Inhibition of the Synthesis of 20-HETE Reduces Proliferation (Ki-67 Staining) of Androgen-Sensitive Prostate Cancer Cells

In control conditions, 43.6 ± 3.5% of cells cultured in complete media were positive for Ki-67 staining (Ki-67+). Incubation with HET0016 (1 or 10 μM) for 48 h reduced the number of Ki-67+ cells to 23.4 ± 2.7 and 27.7 ± 3.3%, which represents a decrease of approximately 40% related to the control (p < 0.01 vs. vehicle for both) (Fig. 5a). The effect of 20-HETE withdrawal on cell proliferation was further analyzed on LNCaP cells grown in steroid-deprived media supplemented with DHT. Under basal conditions, 24.1 ± 2.4% cells were Ki-67+, and the addition of DHT, 0.1 nM (48 h), increased this value to 43.6 ± 5.4% (p < 0.05 vs. vehicle), whereas the co-incubation with HET0016, 10 μM, completely abolished the effect of DHT rendering only 22.0 ± 4.1% cells labeled with Ki-67 (p < 0.05 vs.
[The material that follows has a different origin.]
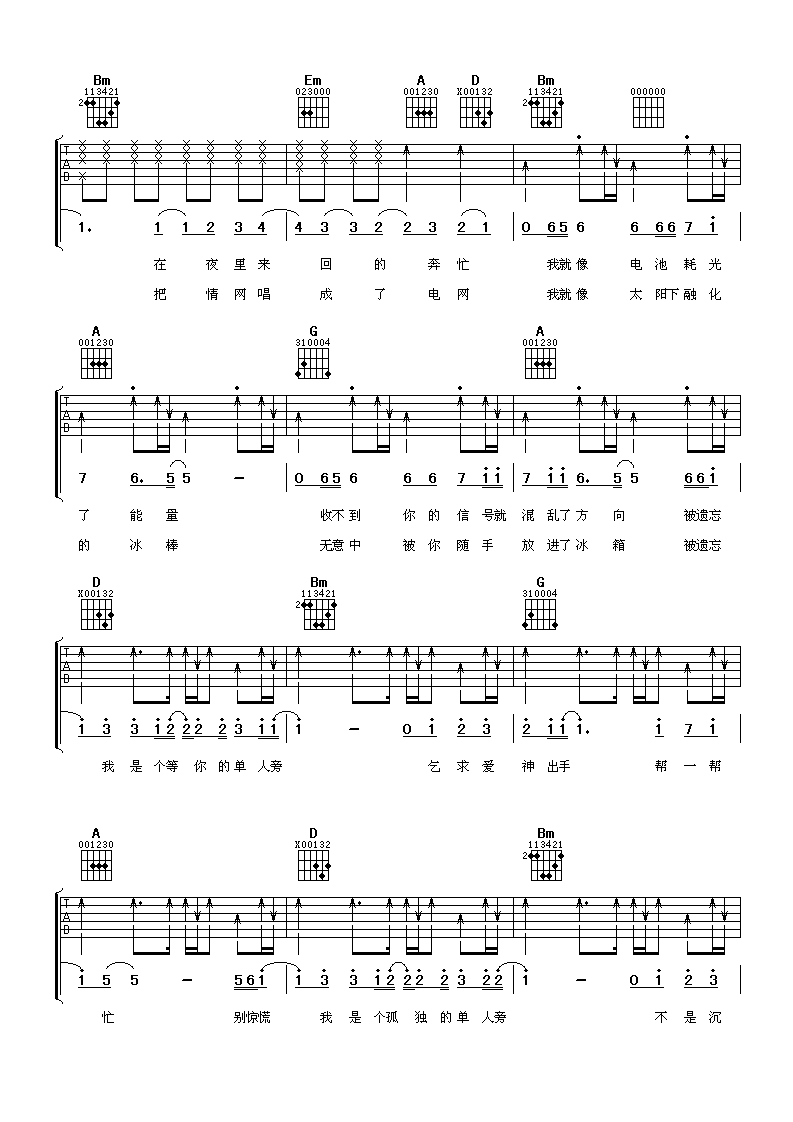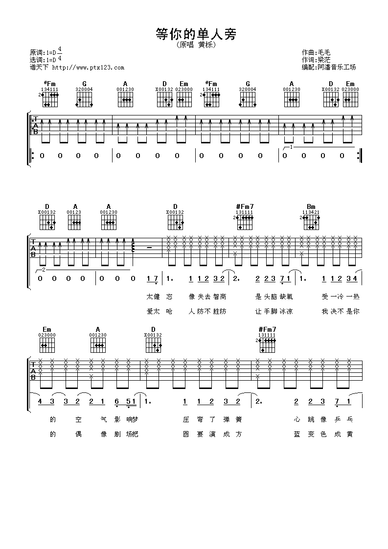 当前位置:琴谱网>吉他弹唱>等你的单人旁

DHT). Similar to what was observed on cell viability, HET0016 alone had no impact on proliferation in cells grown in steroid-deprived media (Fig. 5b).

Fig. 5.

Effect of HET0016 on the proliferation of LNCaP cells. Cells synchronized by serum deprivation for 16 h were further grown for another 48 h in a complete media in the presence of vehicle (control) or HET0016 or b steroid-deprived media in the presence of vehicle (control) or the indicated drugs. The expression of the nuclear Ki-67 antigen was analyzed by immunocytochemistry, and quantitation of cell proliferation is expressed as percentage of Ki-67+ cells. a n = 2, in triplicates (ANOVA p = 0.0045; **p < 0.01 vs. vehicle). b n = 3, in triplicates (ANOVA p = 0.0078; *p < 0.05 vs. vehicle; +p < 0.05 vs. DHT 0.1 nM). Values are presented as the mean ± SEM

Unexpectedly, incubation with 20-HETE (48 h) in steroid-deprived media had no effect on cell proliferation. The percentage of Ki-67+ cells grown in control conditions (vehicle, 24.1 ± 2.4%) was modified neither by indomethacin alone (26.8 ± 0.8%) nor by 20-HETE, 50 nM, added in the presence of indomethacin (26.3 ± 1.9%) (data not shown).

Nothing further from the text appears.